The Grb2 protein consists of a central SH2 domain flanked by two SH3 domains (www.rcsb.org). The binding specificity of the Grb2 N-terminal SH3 (N-SH3) domain have been studied in detail and a consensus canonical binding motif “PXXPXR” has been identified [64]. A total of 72 binding sites within 61 different proteins were experimentally determined to bind to the Grb2 SH3-N domain (S4 Table). Here, we compared our algorithm and other algorithms on the identification of the 72 binding sites of the Grb2 N-SH3 domain.
For each algorithm we selected the top scoring predicted sites such that they cover about 3% of the total length of the 61 Grb2 binding proteins, a coverage that is equivalent to that of the 72 known binding sites. The coverage could, however, be smaller than 3% if the algorithm did not return enough sites. For each algorithm, we show the percentage of the total length of the 61 proteins covered by the sites identified (Fig 7, blue bars), as well as the percentage of the total length of known SH3 binding sites covered (Fig 7, orange bars). We found that the sites identified by SLIMFINDER, DILIMOT, GLAM2, iELM, MOTIFHOUND, and DALEL, exhibit the largest overlap with experimentally characterized binding sites, ranging from about 24% to 38%, among which DALEL obtained the highest overlap of 38.19%.
The GRB2 SH3 N-terminal domain is known to bind to 61 proteins, through 72 binding sites that cover 2.45% of their total sequence lengths. We blindly submitted the 61 protein sequences to several algorithms to evaluate their ability to identify these binding sites. We considered the top predicted sites returned for each algorithm, such that they covered at most 3.00% of sequence’s length. For each algorithm, we plot the coverage of the sites identified (red bars), as well as the corresponding coverage of known SH3 binding sites identified (blue bars).
It is interesting to note that iELM performed well, possibly because it integrates properties of binding motifs specifically observed in the human proteome.

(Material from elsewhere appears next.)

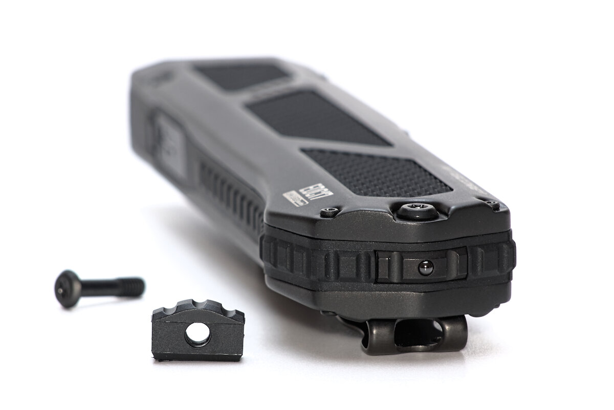 Am hinteren Ende der Lampe ist ein Glasbrecher integriert. Wer keinen Bedarf daran hat, kann ihn problemlos durch einen Einsatz ohne Siliziumnitrid-Kugel ersetzen (es wird ein T9-Schraubendreher benötigt). Wirklich nötig ist das jedoch nicht, da der Glasbrecher sehr dezent gehalten ist und nicht weiter stört. Die Konstruktion mit wechselbarem Einsatz hat allerdings zur Folge, dass der Einsatz leicht klappern kann. Ein Problem, das sich durch ein winziges Stück Schaumstoff leicht beheben ließ.

Also, MEME, that detects ungapped motifs in proteins did not perform well, while its modified version GLAM2 that allows gaps performed much better, because it is better suited for finding degenerate motifs, a property that is present in the binding sites of the Grb2 SH3-N domain. PRATT, however, performed poorly on this example, suggesting that we cannot rely solely on sequence conservation to find linear binding peptides in proteins. In addition, among the algorithms that find enriched linear motifs in proteins only DILIMOT, SLIMFINDER, and MOTIFHOUND obtained satisfactory results.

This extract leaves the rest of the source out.